И вот бабушки не стало.

Против своей воли, но все-таки повинуясь воле покойной, папа и мама похоронили бабушку церковным обрядом. Прошли дни. Катино горе притупилось, и она слегка ожила…

Как-то раз папа и мама начали осмотр бабушкиной комнатушки. Папа говорил, что в ней надо привести все в порядок, хотя и так все было в отличном порядке. Мама выразилась по-другому: «Освободиться от хлама». Вот тут-то и начались дивные чудеса, бесповоротно изменившие жизнь многих других семей, а не только Катиной.

Бабушкина комнатка в длину была — четыре шага, в ширину — два с половиной. Треть комнатки занимал старый-престарый комод с зеркалом, напротив комода стояла железная кровать, а в правом углу — тоже очень старая тумбочка. Ходить можно было только боком. На тумбочке были книги и иконы маленькие, а большие иконы, украшенные так, что заглядишься, висели над тумбочкой. Сорок пять икон и иконок было у бабушки.

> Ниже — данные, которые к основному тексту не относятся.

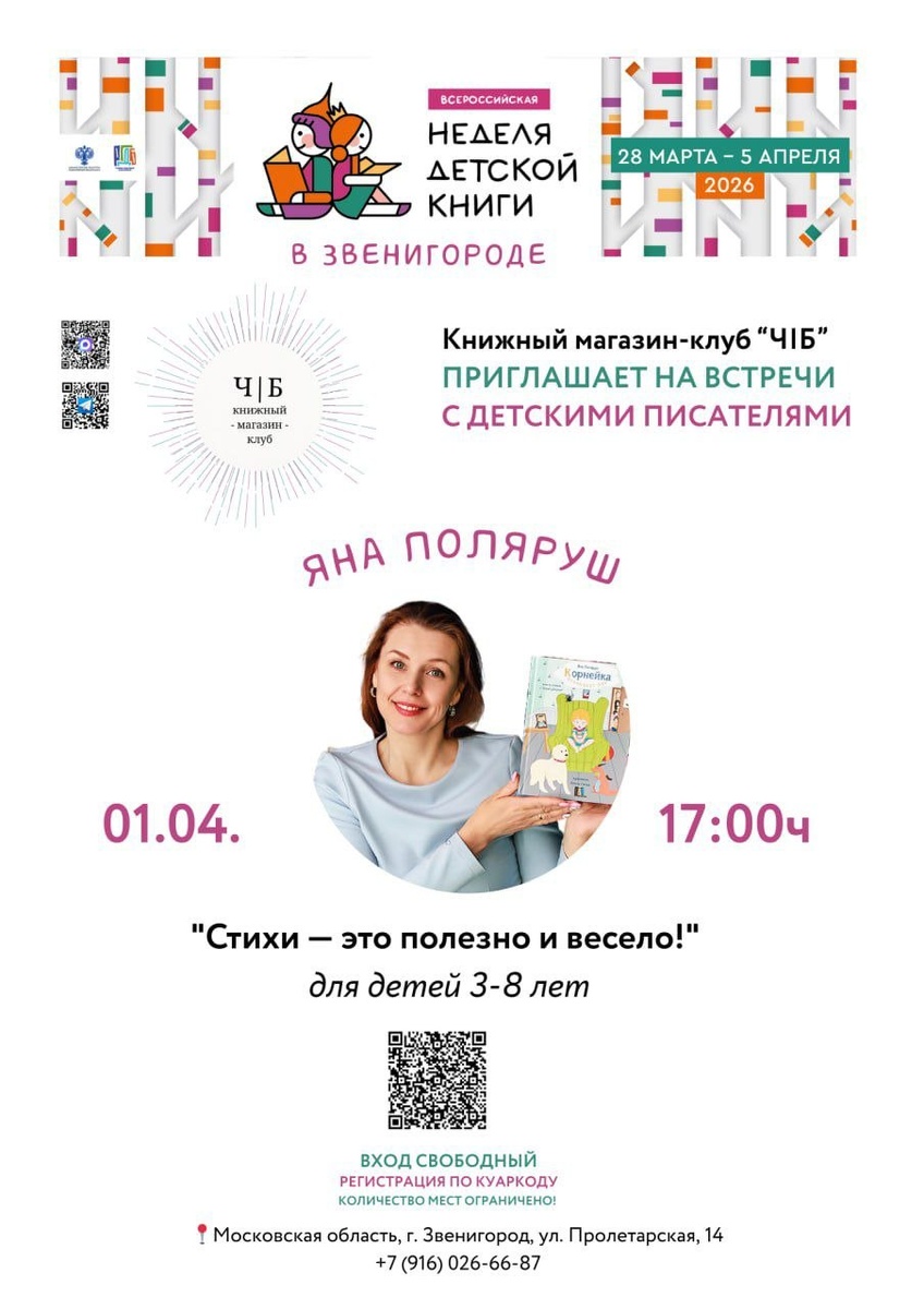 Звенигороде Книжный магазин-клуб Ч|Б приглашает вас на встречу с детским писателем Яной Поляруш Тема: "Стихи — это полезно и весело! " По своему сборнику стихов "Корнейка открывает мир" автор проведет интерактивную встречу с дошкольниками и младшими школьниками. Автор весело и увлекательно 😀 покажет и расскажет: ✅как пишутся стихи, ✅как их нужно читать, ✅в чем их польза и значение. Яна Поляруш помимо стихов для детей, пишет прозу для подростков и взрослых. Мама трёх сыновей! А также она сценарист и кинорежиссер. Вы могли видеть два ее полнометражных фильма "Видримасгор , или История моего космоса", "Со дна вершины". После встречи можно сфотографироваться с автором, купить книгу и получить автограф. 1 апреля в 17:00ч | Ср Продолжительность: 45 мин. 20 мест (свободны 17❗) Дети 3 — 8 лет Вход свободный! Но нужно ОФОРМИТЬ БИЛЕТ Всё весёлое в Ч|Б!😅📚 Наш канал в Max Книжный магазин-клуб Ч|Б 📍Московская область г. Звенигород ул. Пролетарская, 14 📞+7 (916) 026-66-87 #СтихиДетям

— Иконы не выкидывайте, иконы отдайте мне! — звонко и дерзко заявила Катя.

Папа и мама оторвались от разбора бабушкиных бумаг и уставились на дочь.

— А тебе они зачем? — спросил наконец папа очень грозно, притом растягивая слова.

— А затем, — ответила Катя. — Бабушка их мне оставила и вам так наказала, я все знаю! Мои они! И вообще… по воскресеньям мы ходили не на рынок, а в церковь, вот. Э-э! — и Катя, сама того не ожидая, разинула рот и показала родителям язык… да и затряслась вдруг в горьких рыданиях. Спасли эти рыдания Катю от родительской расправы, и все дальнейшее выяснение шло почти в спокойном тоне.

— Ну-ка, ну-ка, — сказал папа и притянул к себе Катю, — расскажи об этом поподробнее.

И Катя с удивлением почувствовала, что не может рассказать так, как ей хотелось бы, так, чтобы родители поняли. О, если бы могла им все объяснить бабушка, но ведь даже и ее родители не понимали. Как-то так уж получалось, что всегда, когда а они с бабушкой выходили из храма, раздав всем просящим милостыню, вылетало быстро из Катиной головы то, что она видела и слышала, забывались молитвы и возгласы, из памяти души выветривалось чувство благоговения, которым она была охвачена в храме. Жизнь улицы и дома совсем не походила на жизнь храма, где, как говорила бабушка, живет Бог. Оказалось, что и историй бабушкиных, которых была, пожалуй, тысяча, не помнит она совсем. Папа ждал, а Катя не знала, с чего начать… Папа погладил ее по голове:

— Оболванила тебя бабка, чепуху всякую в головенку вдолбила…

Это папино богохульство и преобразило Катю. Никто из нас не знает, отчего наш взор часто просветляется тогда, когда нам сказано злое слово. Один Бог знает. Сколько раз от нас отскакивали умные и правильные нравоучения, а один лишь вздох укоризненный приводил вдруг в доброе чувство! Неведомы нам тайны собственной души, Один Бог их ведает. И Катя начала рассказывать. Оказалось, что она помнит, как крестили ее два года назад. Ничего больше не осталось в памяти от того времени, а крещение — помнит.

И если ее рассказ ошеломленным родителям покажется тебе, мой дорогой читатель, слишком складным для шестилетней девочки — не удивляйся: Бог даст, и у тебя случится такое же, если о Нем тебе придется говорить.

— Сначала было рождество Богородицы… — начала она.

— Какое рождество? Какой Богородицы? — вскричал папа. — Ты о ваших с бабкой делах говори.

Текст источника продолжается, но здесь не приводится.